Records from a collection:
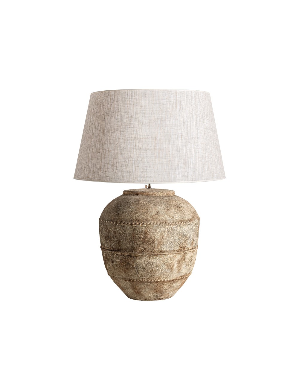 Lámpara de sobremesa. Fabricado en terracota, combinado con lino.
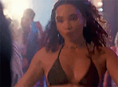 Descrierea conținutului: a woman in a bikini top is dancing in a club with other people .
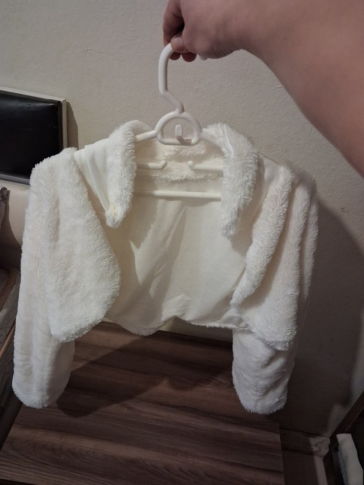 Kız çocukları için uzun kollu, straplez yakalı, beyaz ve kürklü detaylı, yumuşak ve sıcak dokulu bolero. ❄️
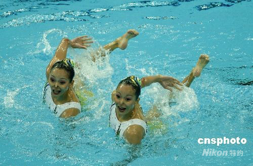 8月20日,在北京奧運(yùn)會(huì)花樣游泳雙人自由自選決賽中, 中國花樣游泳“姐妹花”蔣婷婷、蔣文文排名第四,無緣獎(jiǎng)牌。金牌被俄羅斯組合摘得。中新社發(fā) 杜洋 攝
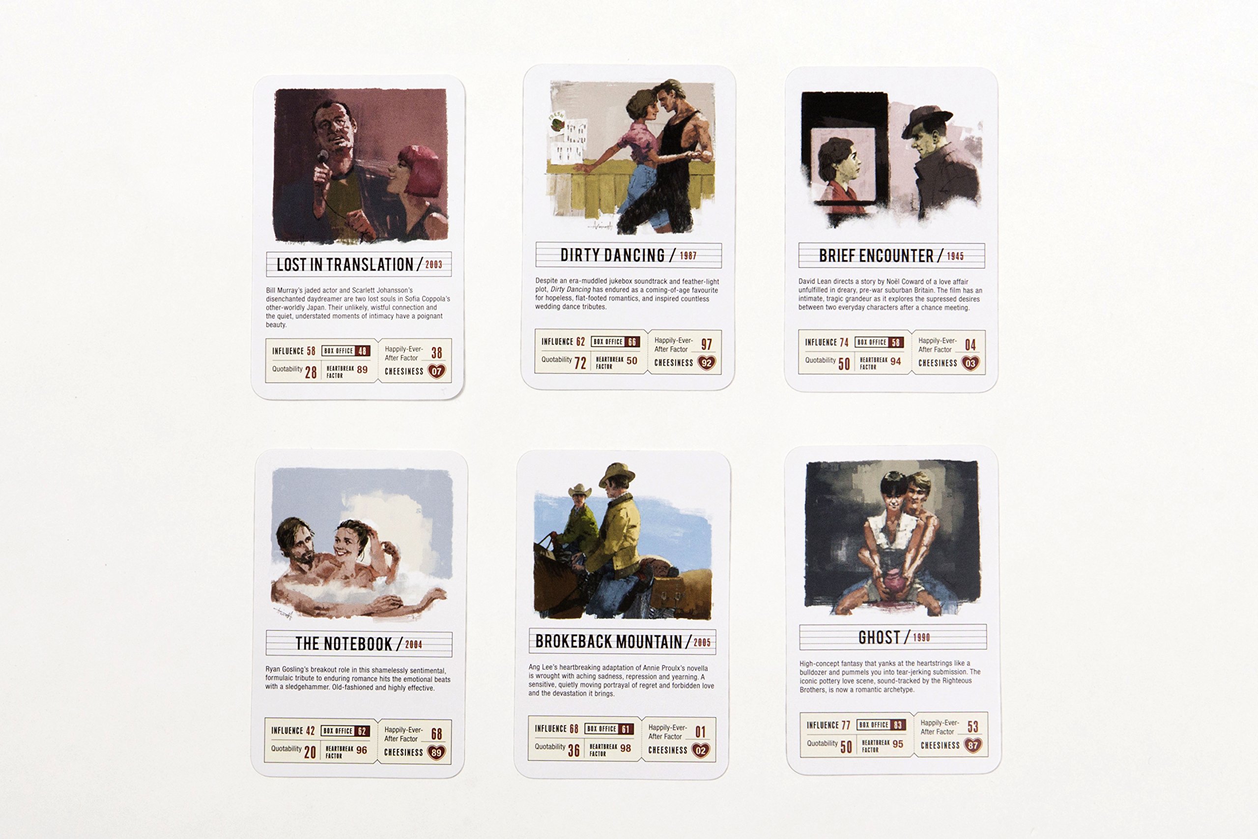 Which movie is the most heartbreaking, Titanic or The Notebook? Is Dirty Dancing cheesier than Love Story? And which film is the most quotable, The Princess Bride or Casablanca? Rediscover your favourite romantic movies and pit them against each other with these 32 trump cards.
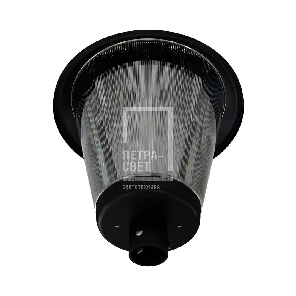 Серия декоративных светодиодных светильников для освещения: • парковых территорий и скверов, • набережных, • пешеходных улиц, • общественных пространств. [Корпус] Металлический корпус светильника окрашен порошковой краской, которая защищает его от атмосферных воздействий. На случай проникновения в корпус жидкости предусмотрены дренажные отверстия, которые не позволяют влаге скапливаться внутри корпуса светильника. [Светодиодный модуль] В светильнике установлены светодиодные планки на алюминиевой подложке – от 8 до 12 штук в зависимости от мощности светильника. [Рассеиватель] Рассеиватель изготовлен из прозрачного поликарбоната с рифленой фактурой. Материал рассеивателя не подвержен негативному воздействию УФ-излучения. [Источник питания] Источник питания в металлическом корпусе залит теплопроводящим компаундом, что снижает нагрев электронных компонентов источника и увеличивает срок его службы. Степень защиты источника питания от влаги и пыли IP67. [Крепление] Светильник крепится на вертикальную опору. Стандартный диаметр посадочного отверстия на светильнике – 62 мм (возможен другой диаметр – по согласованию). В комплекте идут крепежные болты.
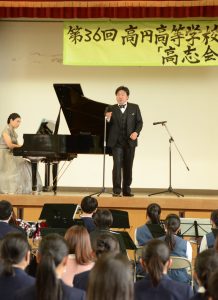 高円高の同窓会としては最後の総会で、同校卒業生や高円芸術高校の在校生ら約300人が参加し、吹奏楽部やコーラス部が演奏や合唱を披露。高円高卒業生でオペラ歌手の桝貴志さん(43)もステージに立ち、艶やかな歌声で唱歌「荒城の月」や歌劇「カルメン」の曲目を披露した。
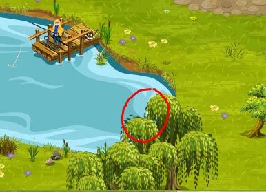 °vrba na kraji rybářského rybníčku - úplně vpravo dole - když objíždíš myší korunu vrby, která přesahuje na modrou plochu - je tam občas modrá kraslice, která není moc dobře rozlišitelná od podkladu.
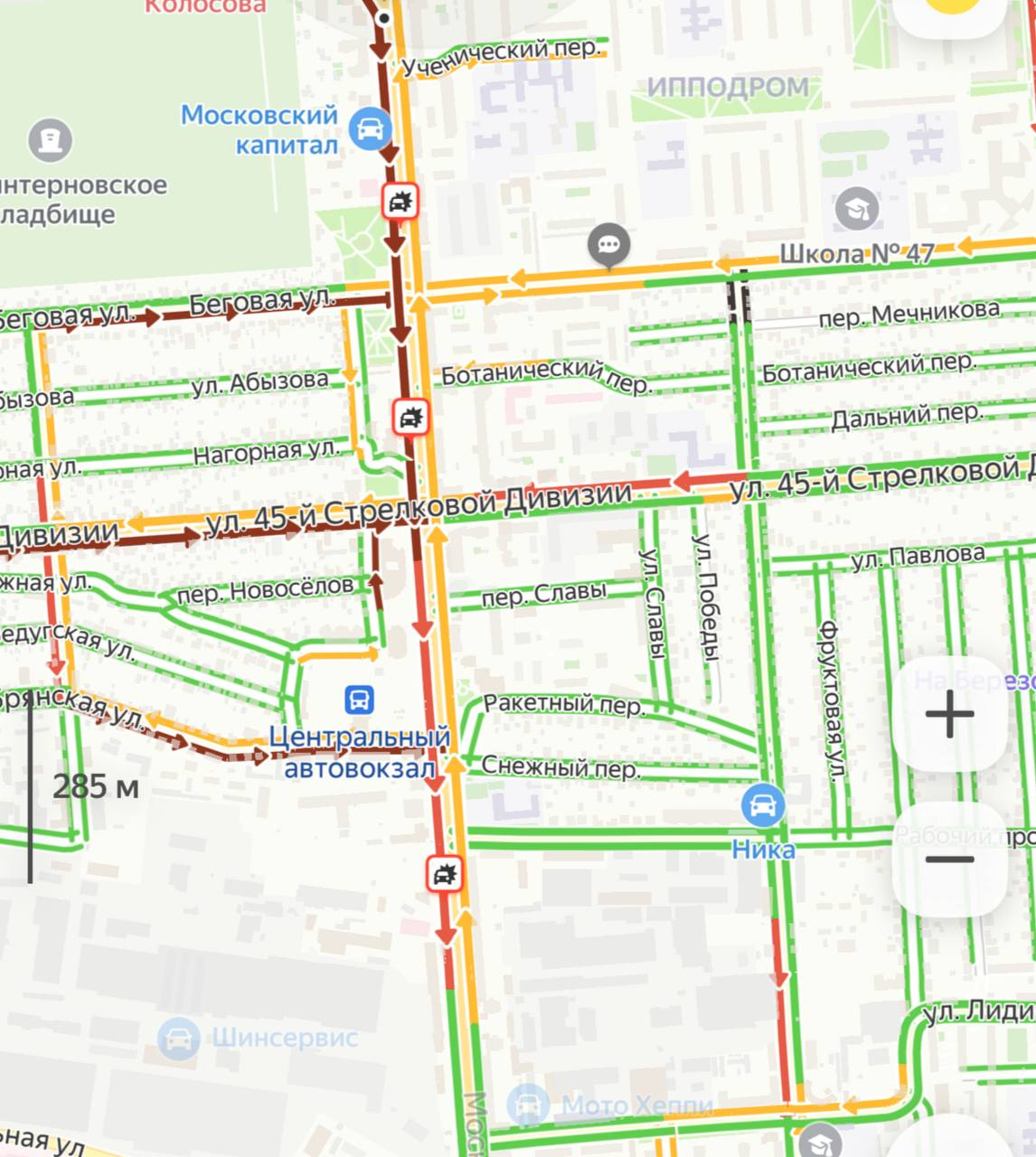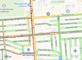 На картах полный крах: весь Московский проспект быстро стал "багровым". Причиной этому, вероятно, стали три ДТП, которые очень сильно препятствовали движению.
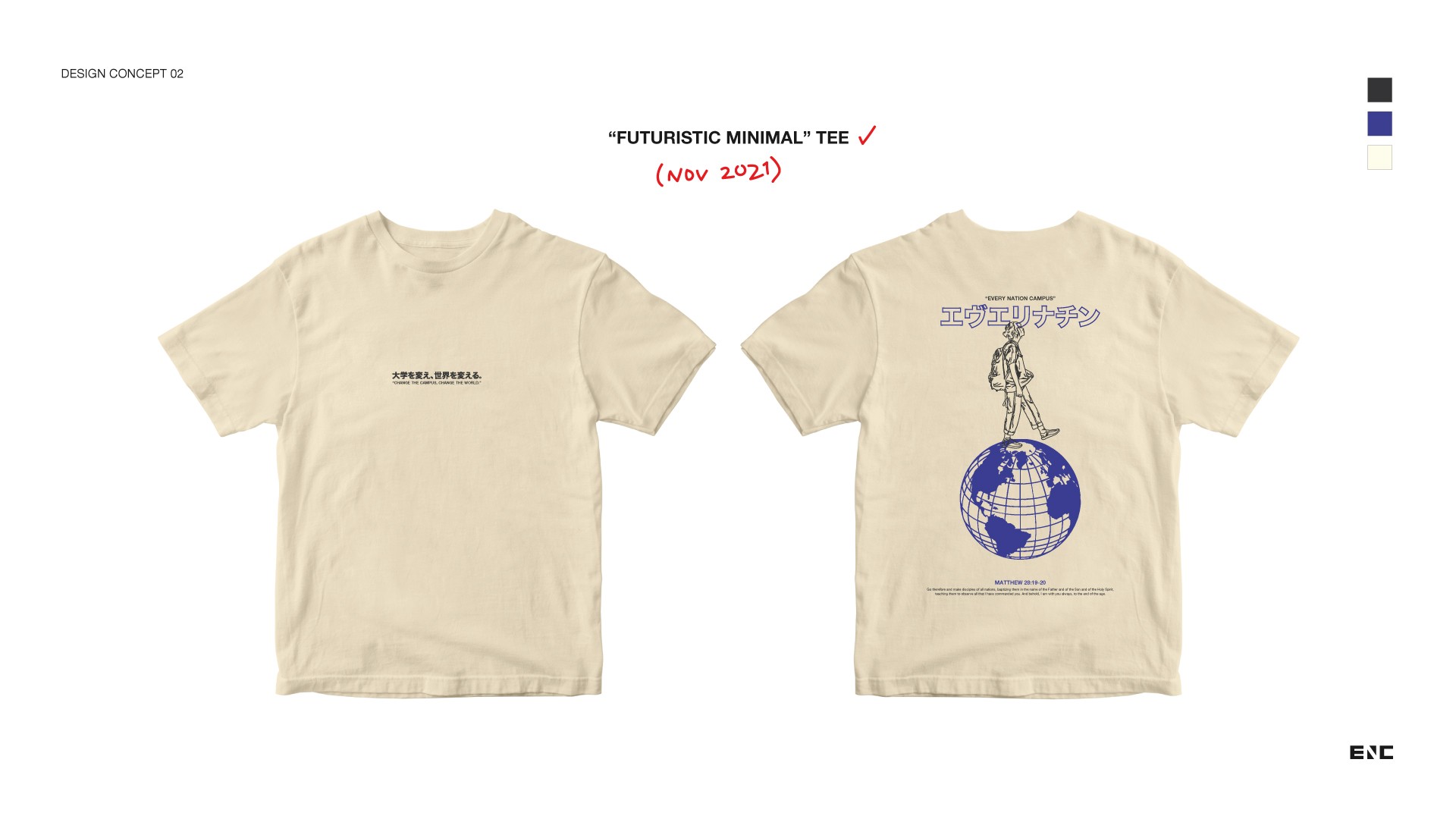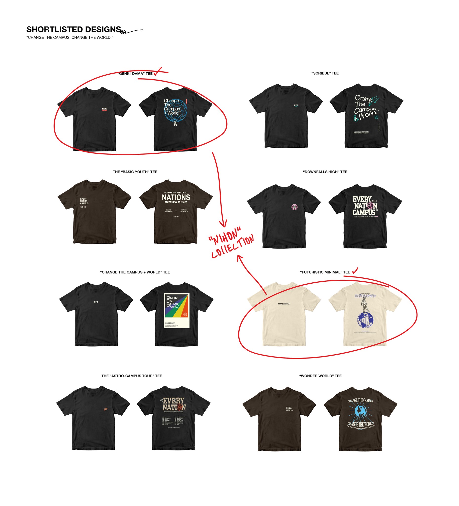 I was responsible for leading this project to create a collection of faith-statement apparel that fits the modern fashion and caters to the vast array of campus students’ fashion preferences, following the original slogan of Every Nation Campus - “change the campus, change the world.”

Brief:
Exactly the lines from the one with "高円高の同窓会としては最後の" through the end of the records should be written out, and only those. Pictures do not belong in the copy.

Solution to this problem:
 高円高の同窓会としては最後の総会で、同校卒業生や高円芸術高校の在校生ら約300人が参加し、吹奏楽部やコーラス部が演奏や合唱を披露。高円高卒業生でオペラ歌手の桝貴志さん(43)もステージに立ち、艶やかな歌声で唱歌「荒城の月」や歌劇「カルメン」の曲目を披露した。
 °vrba na kraji rybářského rybníčku - úplně vpravo dole - když objíždíš myší korunu vrby, která přesahuje na modrou plochu - je tam občas modrá kraslice, která není moc dobře rozlišitelná od podkladu.
 На картах полный крах: весь Московский проспект быстро стал "багровым". Причиной этому, вероятно, стали три ДТП, которые очень сильно препятствовали движению.
 I was responsible for leading this project to create a collection of faith-statement apparel that fits the modern fashion and caters to the vast array of campus students’ fashion preferences, following the original slogan of Every Nation Campus - “change the campus, change the world.”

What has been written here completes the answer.